Monte Solberg writes an extraordinary piece today, addressing the three words which have always justified every single terrible thing done by any government, anywhere:
He means well.
Monte writes humourously about Ken Dryden’s hockey career, and Stephan Dion’s tilting at environmental windmills, but his message is deeply serious. Every violation of an individual’s rights by The State, and indeed every flawed “liberal” argument, is justified by those frightening words. Try to dispute any “liberal” policy, from the Gun Registry to Medicare to Equalization Payments to Peacekeeping, and you will be attacked for lacking in good intentions.
I regret this generalization, but socialists–and perhaps some religiously-minded conservatives–sometimes act as if their good intentions were all that mattered. We should care about sick people! And so it becomes illegal to pay for your own health care. We should care about crime victims! And so duckhunters and farmers, not to mention taxpayers, must be legislated into a prince’s ransom of a gun registry. We should care about the environment! And so the economy must be held hostage by innumerate Hockey Sticks of global warming fantasy.

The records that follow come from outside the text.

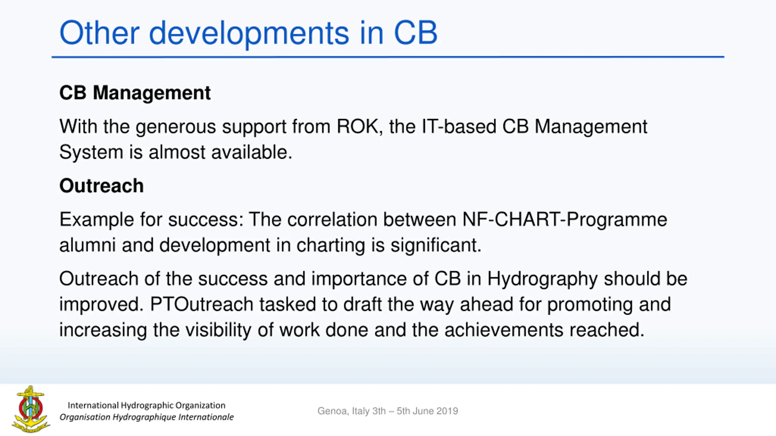 Other developments in CB CB Management With the generous support from ROK, the IT-based CB Management System is almost available. Outreach Example for success: The correlation between NF-CHART-Programme alumni and development in charting is significant. Outreach of the success and importance of CB in Hydrography should be improved. PTOutreach tasked to draft the way ahead for promoting and increasing the visibility of work done and the achievements reached. International Hydrographic Organization Organisation Hydrographique Internationale Genoa, Italy 3th 5th June 2019
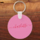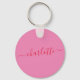 Ce porte-clés rond personnalisé comporte un nom personnalisé en écriture élégante rouge sur fond rose, créant un accessoire quotidien simple mais élégant. Personnalisez-le avec un nom pour en faire un cadeau attentionné pour les demoiselles d'honneur, les cadeaux de fête de bachelorette ou les cadeaux de remerciement pour la douche de mariée. Léger et facile à transporter, c'est un souvenir pratique que les invités pourront utiliser longtemps après la célébration. Une option moderne pour coordonner les accessoires de la fête de mariage et les faveurs personnalisées.
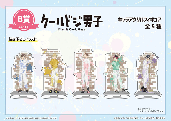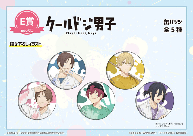 TVアニメ『クールドジ男子』のオンラインくじ「eeoくじ」が登場! 4月3日よりeeo Store(通販)にて発売され、描き下ろしイラストを使用した5アイテム21種の豪華景品が当たります。
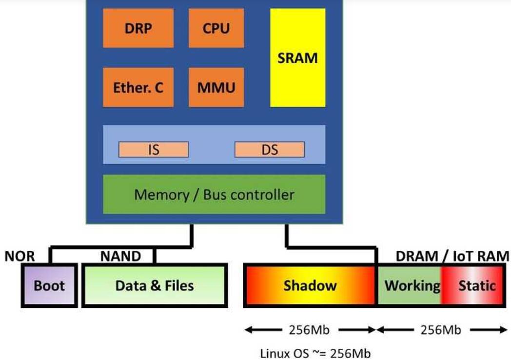 我們來看一下MCU設(shè)計(jì)中的情況,其中IoT RAM明顯比外部DRAM具有優(yōu)勢(shì)。在下面的通用MCU圖中,工作/靜態(tài)存儲(chǔ)器部分越來越需要擴(kuò)展。在整個(gè)工作空間中使用DRAM會(huì)增加系統(tǒng)的功耗,并需要集成刷新控制器。
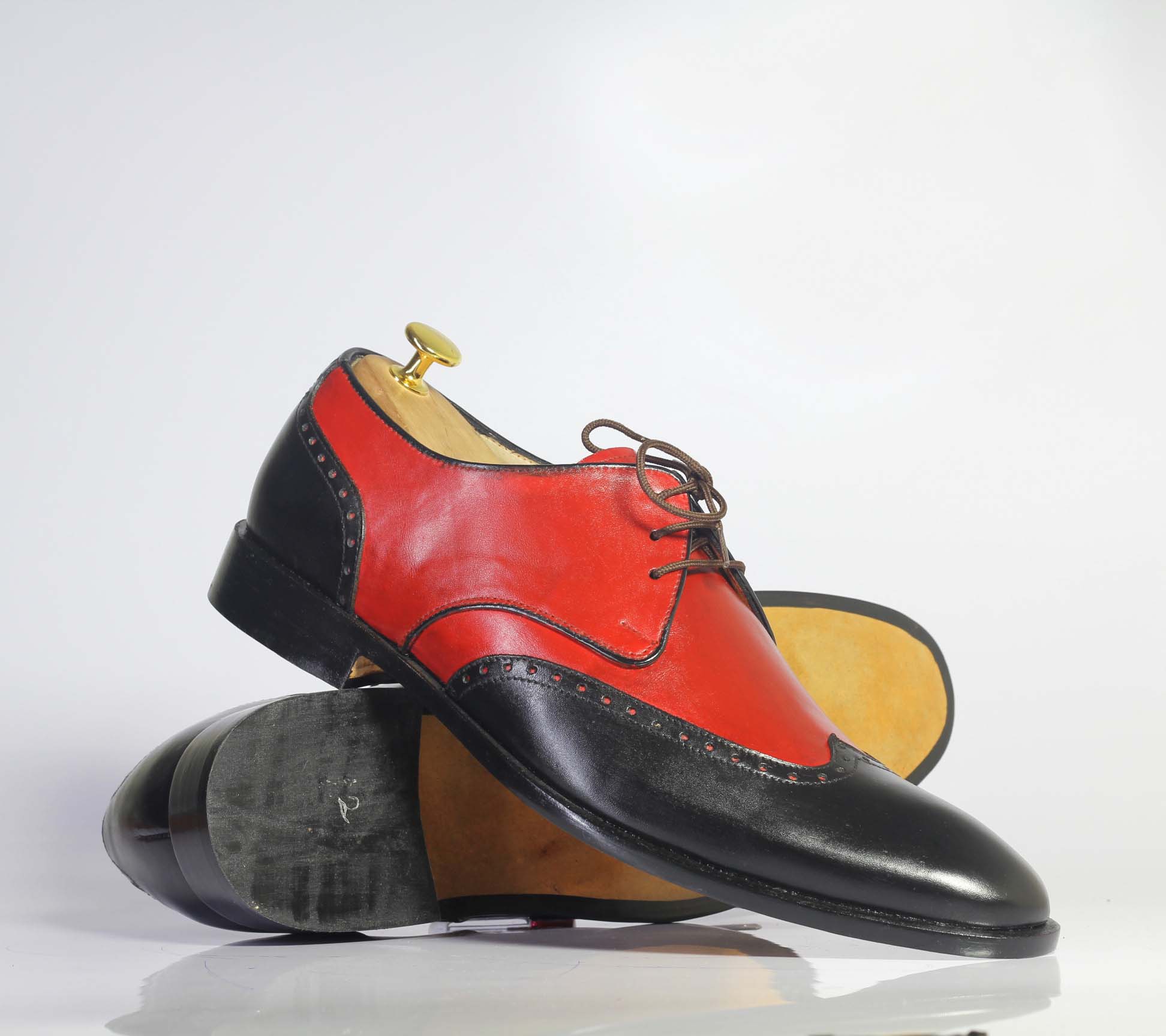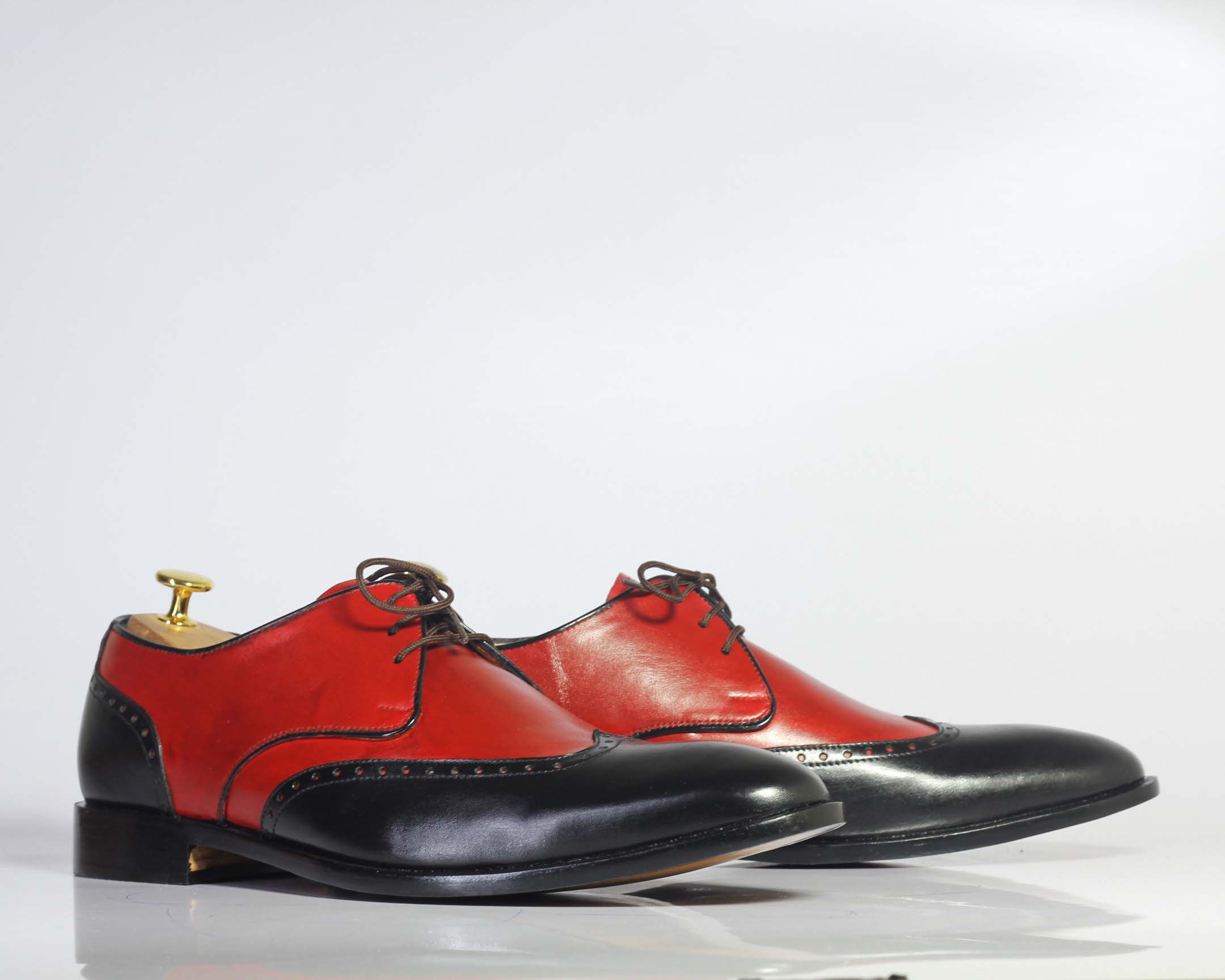 Men's Double Tone Wing Tip Handmade Leather Shoes

Although conservative commentators (er, including me) can be carried away on flights of rhetorical fancy, to the extent of sometime accusing their liberal “foes” of being evil, I think liberals really do mean well. I think that Liberals and New Democrats honestly hope to make the country better, and believe that they pursue noble ends (although I would add that much socialism does appear motivated by envy and rage). But their good intentions do not substitute for good judgement. More importantly, good intentions do not justify bad behaviour: it ought not be good enough, when Liberals and Dippers are confronted by the poor outcomes of their noble plans, for them to cry loudly about their own blessed ends and the Tories’ hidden agenda. But we see this all the time: when the Tories confronted the Liberals with their actual record during the last federal election, the Liberals responded by attacking the Tories’ supposed evil intentions (including, but not limited to, hurting pregnant women, polluting the air, declaring war on everybody, and, if memory serves, shooting television viewers).
I wish I were a better writer, to capture what I mean to say here without resorting to cliche. But still, my intentions were good…
As an afterthought, I am enormously heartened by Monte’s position, by his “sense of life” if you will. Harper captured much the same libertarian-ness a while ago, in a discussion about smoking and alcohol use: “People are going to have a drink and have a smoke and that’s kind of the way life is going to be.” This kind of approach seems all-too-rare in Nanny State Canada, and it deserves to be rewarded. I know Jay Currie and The Flea have rejected the Tory Party because of the latter’s anti-gay posturing. I agree that the anti-SSM plank in the Tory platform is morally wrong. But I wonder if pro-SSM libertarians might be encouraged to support the only reasonably electable party in Canada that could field a candidate like Monte Solberg?